The audit log deserves a sentence. Every call through the proxy writes a row: vault key name, vendor, HTTP method, Stripe endpoint, amount parsed from the response body, status code, block reason if any. You can query it from the dashboard or directly with GET /audit. For a support team that wants to answer "what did the agent actually do between 14:00 and 14:15?" it's the only place that answer lives.

Does this work with the other two toolkit modes?

The MCP server mode is the cleanest integration because the proxy URL override is just an env var. For the LangChain / Vercel AI SDK / CrewAI integration modes, you pass the proxy base URL when initializing the toolkit client — the exact parameter name differs by SDK, but every integration mode supports a custom base URL because the toolkit is built on top of the standard Stripe Node/Python SDK, which accepts STRIPE_API_BASE or equivalent. For the raw tool-definition mode, you call the proxy endpoint instead of api.stripe.com directly.

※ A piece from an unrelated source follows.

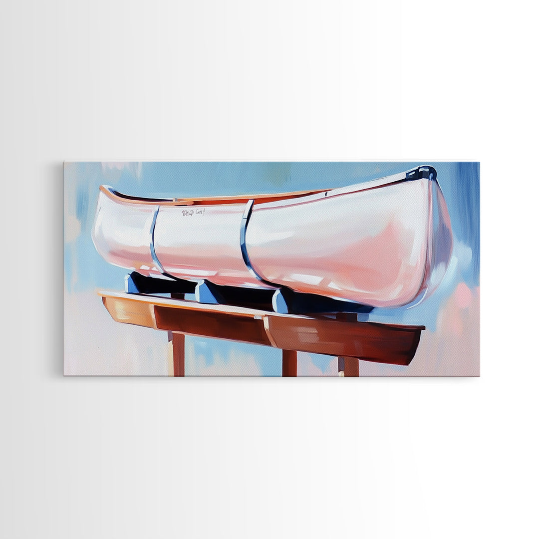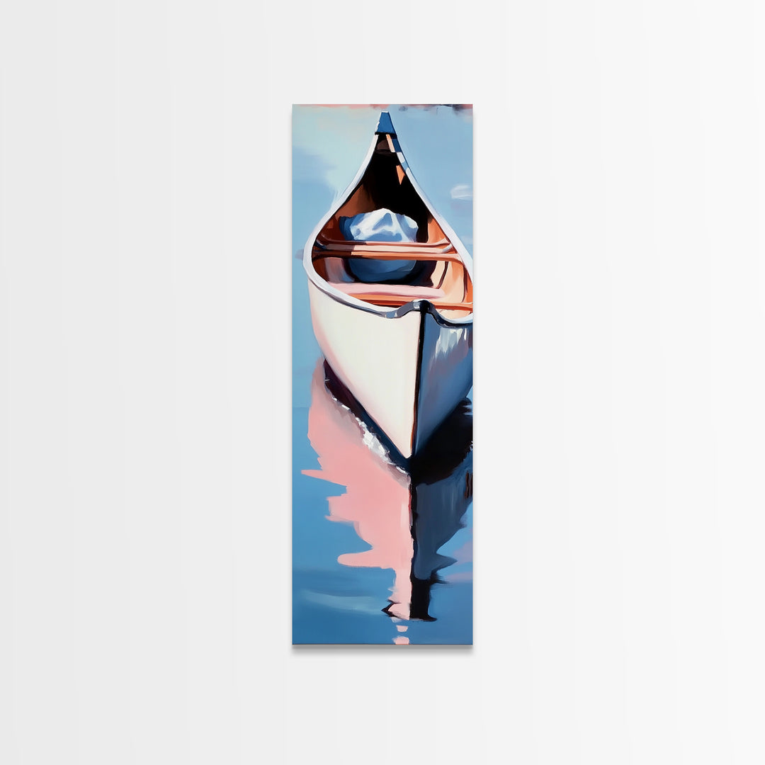 Canoe on Water, peaceful lake scene, wilderness art, adventure painting, modern minimalism, nature lover’s decor, framed canvas print

The Stripe Agent Toolkit + MCP reference page has the full breakdown of all three integration modes and which Stripe API scopes each default tool requires — useful for building the minimal allowed_endpoints list for your use case before issuing the vault key.

Frequently asked questions

What's the latency overhead?

The proxy is a Node.js server sitting on the same network path as your agent — typically on the same VPS or in the same region. The overhead is one additional HTTPS roundtrip to the proxy before the call goes to Stripe. In practice this is 5–15ms if the proxy is co-located with your agent, 20–50ms if it's in a different region. For a support agent handling conversational turns, this is indistinguishable from normal Stripe API latency. For a batch agent processing 50 records per second, you'd want the proxy in the same region.

What happens if the proxy goes down?

Your agent gets a connection error, the same as it would if Stripe itself were unreachable. The toolkit surfaces it as a tool error. Claude's behavior depends on your system prompt — typically it retries once and then reports failure to the user. For production deployments you'd run the proxy under systemd or a process supervisor so it restarts automatically on crash.

Does this add a new secret management problem?

The proxy holds your Stripe secret — you swap one secret management problem (Stripe key in .env) for another (admin key + Stripe key on the proxy server). The trade is usually worth it because the proxy server is a single, controlled point: you manage one secret there instead of distributing the Stripe secret to every agent that needs it. For a team running three different agents, that's three places the Stripe secret could leak versus one.

Is this relevant now that Stripe Projects shipped?

Stripe Projects (announced at Stripe Sessions 2026) is a token-issuing layer for agents, not a proxy. It handles monthly billing aggregation caps at the Stripe level and is limited to Stripe's 32 named partner vendors. It doesn't give you per-call enforcement, sub-second revoke, per-call audit logs, or coverage of any API outside that 32-vendor list. The two are complementary: Stripe Projects for monthly spend aggregation across multiple vendors, a governance proxy for per-call enforcement and instant kill-switch on any API your agent touches.

Bottom line

Stripe Agent Toolkit is genuinely the easiest way to give an LLM payment capabilities. The MCP integration in particular takes under a minute to wire up. The gap is runtime enforcement — once the tool is exposed, the toolkit has no mechanism to limit how much the agent spends, scope it to specific customers, or cut it off without rotating the underlying key.

The two-env-var change above closes all three gaps without touching your agent code or your Claude Desktop tool list. The cost is running a proxy server and managing one additional admin key. For any agent running against a production Stripe account, that trade is worth making before the first incident, not after.